__What the task requires__: The listing below is to be duplicated exactly, with every picture omitted.

__Stored data__:

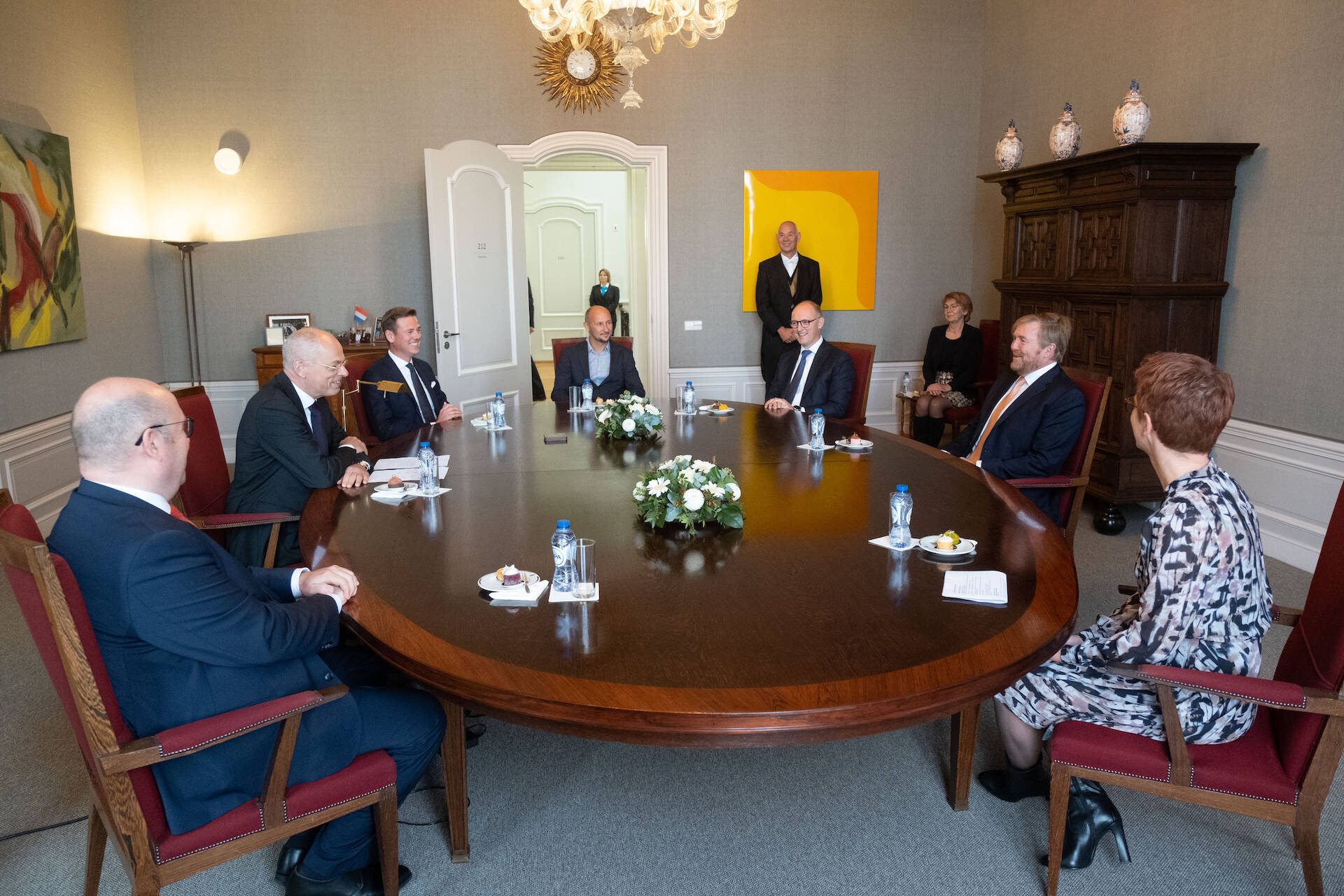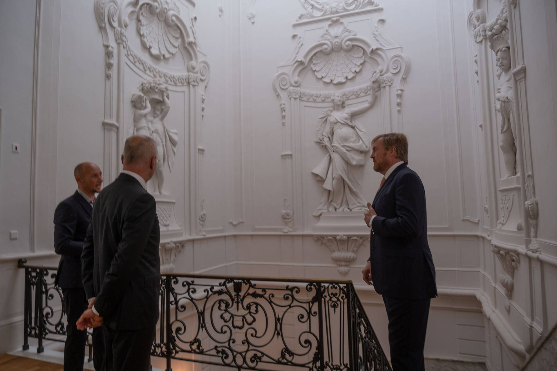 De Voorzitter van de Eerste Kamer, Jan Anthonie Bruijn, vertelde de Koning over de verhuizing en over het doorgaan van het parlementaire werk op een andere plek. Tijdens een rondleiding sprak de Koning met de restauratiearchitect, de kunstcoördinator en de projectleider huisvesting. Er is gesproken over de historie van het pand, de uitgangspunten en uitdagingen van de tijdelijke huisvesting, over kunst in de plenaire zaal en in andere ruimten en over de faciliteiten voor bijvoorbeeld livestreams van de vergaderingen.
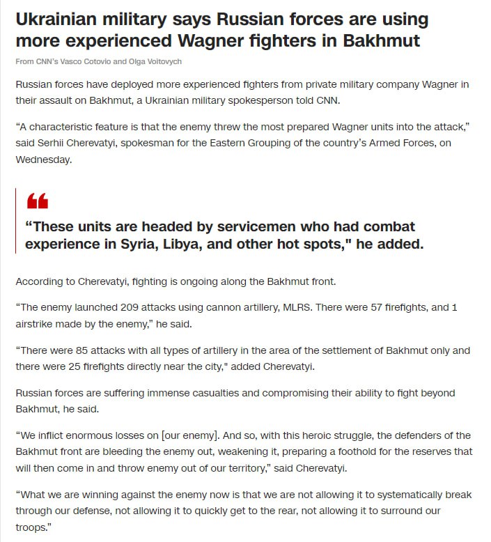 По словам Череватого, РФ использует в Бахмуте опытных "вагнеровцев" с опытом боев в Сирии, Ливии, и других горячих точках, но ВСУ держат позиции, не давая противнику окружить город.
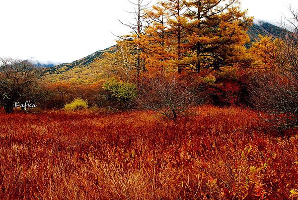 乘車到了赤沼入口,這一片應該就是戰場之原,有名的戰場之原的典故是山神間為了爭奪這塊豐饒的大地,赤城山神可化為大蜈蚣,而二荒山神幻化為蛇,但傳說中蛇總是打輸蜈蚣,後來二荒山神找了幫手猿丸,變成2打1贏了赤城山神。又有一說典故的背後,日光舉行射箭儀式總是朝著赤城山方向射去。

__Completed exercise__:
 De Voorzitter van de Eerste Kamer, Jan Anthonie Bruijn, vertelde de Koning over de verhuizing en over het doorgaan van het parlementaire werk op een andere plek. Tijdens een rondleiding sprak de Koning met de restauratiearchitect, de kunstcoördinator en de projectleider huisvesting. Er is gesproken over de historie van het pand, de uitgangspunten en uitdagingen van de tijdelijke huisvesting, over kunst in de plenaire zaal en in andere ruimten en over de faciliteiten voor bijvoorbeeld livestreams van de vergaderingen.
 По словам Череватого, РФ использует в Бахмуте опытных "вагнеровцев" с опытом боев в Сирии, Ливии, и других горячих точках, но ВСУ держат позиции, не давая противнику окружить город.
 乘車到了赤沼入口,這一片應該就是戰場之原,有名的戰場之原的典故是山神間為了爭奪這塊豐饒的大地,赤城山神可化為大蜈蚣,而二荒山神幻化為蛇,但傳說中蛇總是打輸蜈蚣,後來二荒山神找了幫手猿丸,變成2打1贏了赤城山神。又有一說典故的背後,日光舉行射箭儀式總是朝著赤城山方向射去。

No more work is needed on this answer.